Short Stories, Irish literature, Classics, Modern Fiction, Contemporary Literary Fiction, The Japanese Novel, Post Colonial Asian Fiction, The Legacy of the Austro-Hungarian Empire and quality Historical Novels are Among my Interests

Wednesday, October 7, 2015

Secrets of the Flesh: A Life of Colette by Judith Thurman (2000)

If Paris is the city of love, then Colette (Sidione-Gabreelle Colette 1873 to 1954) is the high priestess.  For many their image of Paris derives from memories of the movie, Gigi, made from her probably most famous work.  Living to almost eighty, she produced eighty volumes of writings of all sorts.  When she passed in 1954 she was given the first ever state funeral for a French woman.  

My reading of Colette has so far been limited to a few short stories.  At least after reading Judith Thurman's marvelous biography The Secrets of the Flesh A Life of Colette I have an idea of her greatest works.  

I do not wish to sketch out much of Colette's life.  I will just talk about a few aspects of her life that I learned about from the biography, things that struck me.

Of course I goggled her and I saw all the images from her days dancing semi-nude on the stage, working to support herself, performing as a mime.  Physically Colette embodied the erotic ideal of the era, as Thurman shows us,she  loved the world of the theater.  Colette married three times.  She was actively involved with a group of aristocratic Parisian lesbians know as "The Amazons".  

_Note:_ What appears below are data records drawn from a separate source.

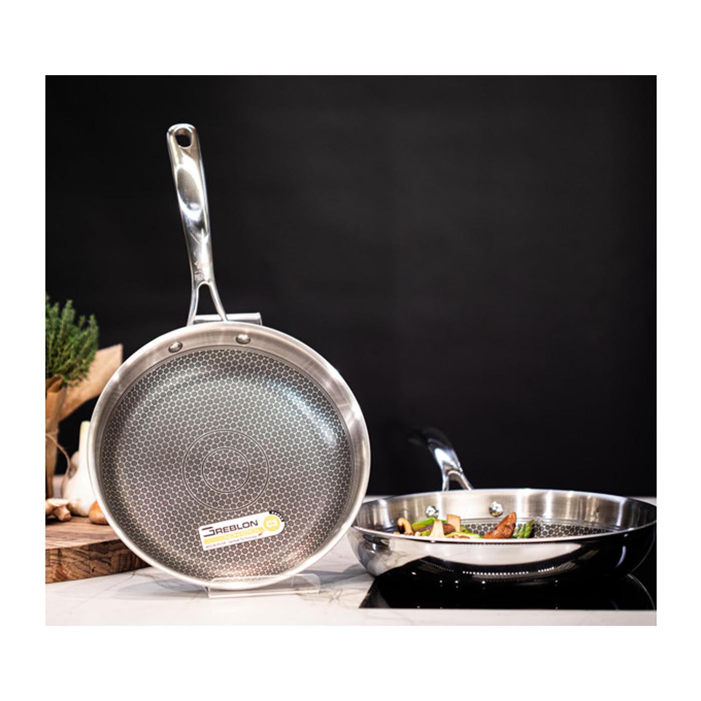 aus Edelstahl, innen Edelstahl 18/8 -18/10, durchgehender Aluminium-Kern, aussen magnetischer Edelstahl, Gesamtmaterialstärke ca. 2.5 mm, aussen hochglanzpoliert, innen hochglanzpoliert mit Wabenboden: Ätzung Weilburger C3, die erhabene Edelstahlstruktur schützt die Antihaftversiegelung perfekt und ist kratzfest, scharfe und krosse Zubereitung für hohe Temperaturen, gleichmässige Wärmeverteilung vom Boden bis zum Rand, Öl-Dosiersystem (Oil Optimizer) garantiert einen reduzierten Einsatz von Ölen, für den fettarmen, fettfreien Einsatz, reinigungsfreundlich, backofenfest bis 240°C, für alle Herdarten geeignet, inkl. Induktion
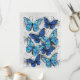 Lodräts sammansättning av realistiska, blå och vita morfobutterflies på gråttets texturerade bakgrund. Morpho Blue Butterfly.
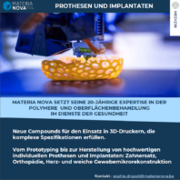Materia Nova bietet Oberflächenbehandlungen von Pulver- und Filamentrohstoffen und/oder dem gedruckten Teil an, um ihm einzigartige Eigenschaften zu verleihen.

Thurman goes into great detail concerning the various marriages of Colette, her relationship with her parents and her own daughter.  She had many friends and lovers and her life was full of drama.  We see her develop as a writer and we marvel at her incredible productivity.  

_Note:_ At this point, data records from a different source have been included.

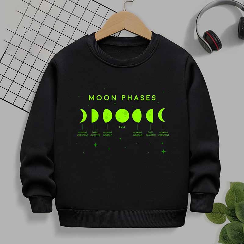 Kids Toddler Boys Girls Winter Casual Cute Moon Print Fleece Luminous Long Sleeve Sweatshirts
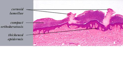 thickness in other areas of the lesion. The epidermis in the central portion of porokeratosis may be normal, hyperplastic, or atrophic. Although characteristic of porokeratosis, the cornoid lamella is not pathognomonic and may also be found in other conditions, such as viral warts, some ichthyoses, and nevoid hyperkeratoses.
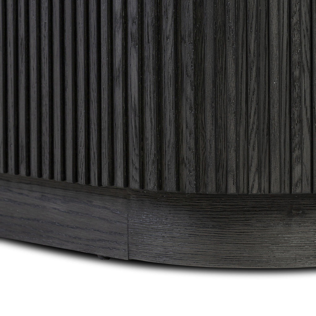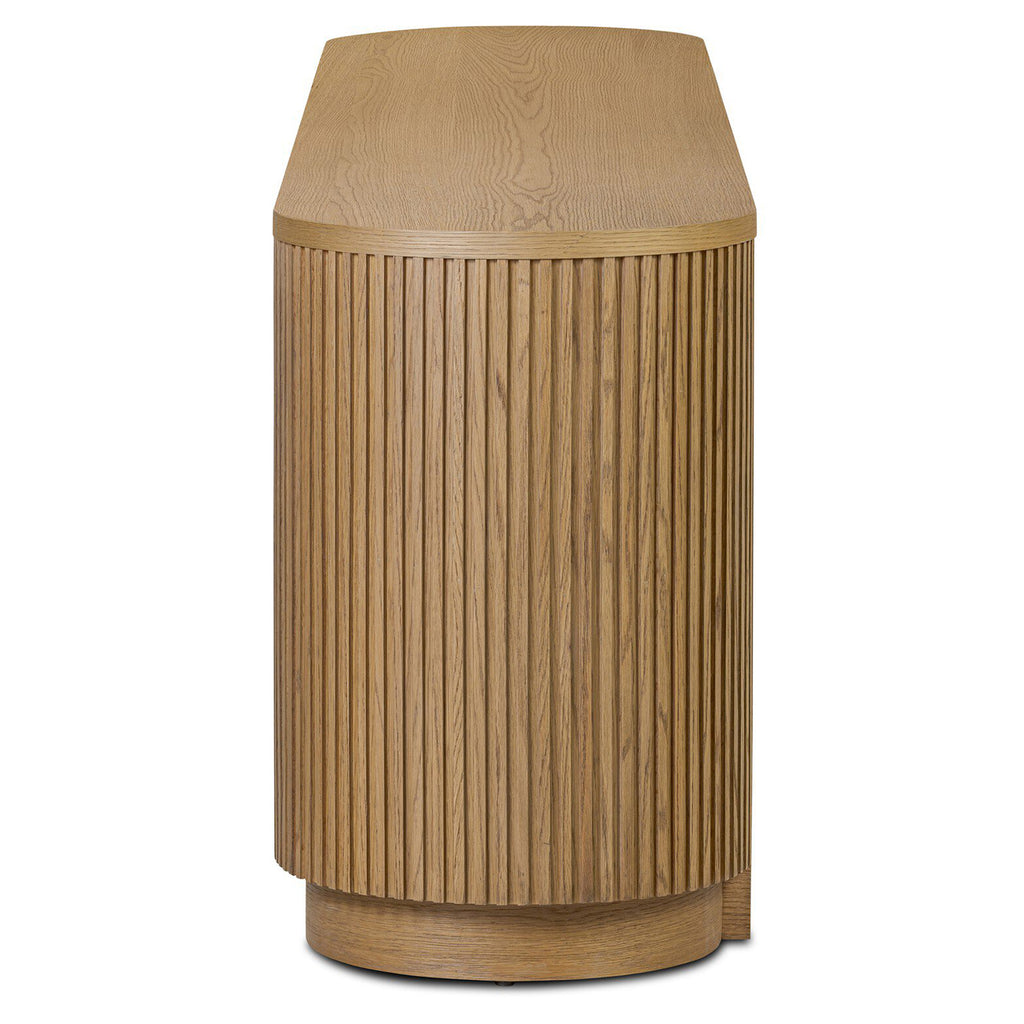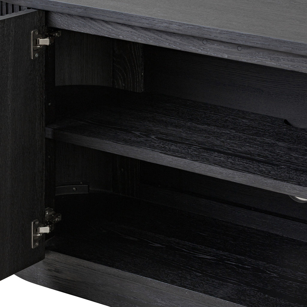 Crafted from desert oak solids and veneers with a plinth-style base, rounded sides and linear reeding, this sideboard exudes midcentury vibes. Fully finished interior and shelves for quality detailing inside and out.

Colette the as not and ideologically driven intellectual like other French writers of the period.  She wrote about sex, relationships, food, the theater, the people of Paris.  As she gre older she gained a lot of weight but she carried it without shame and attracted long term lovers of both sexes much younger than she was.   Colette moved a lot and we get to visit with her all over France.

During the German occupation of Paris she did publish her work in journals and papers that carried virulent anti-Semetic articles. One of her stories was published in a magazine that had an ad for one of Hitler's books.  To me and as depicted by Thurman, though not all agree, her actions do not appear to be collaboration, just a largely apolitical woman of the world accepting what seemed like reality of the times.  Her husband in this period was Jewish and he was detained for a while by the Gestapo and she worked very hard on achieving his release, which did happen.  

Judith Thurman intersperses literary exegesis with the details of Colette's life in a very skillful and interesting fashion.  The book is also a rich source of cultural data of the period, especially the world of lesbian and gay Paris, among the upper classes.  

The book shows Colette grow old and sick but still powerful. 

With Marcel Proust as the greatest French writer of the 20th century, Colette was second.  It seems with it dispute she is the greatest female writer in French history, with apologies to George Sand.  

This is a first rate biography of a great writer from whom we can all still learn much.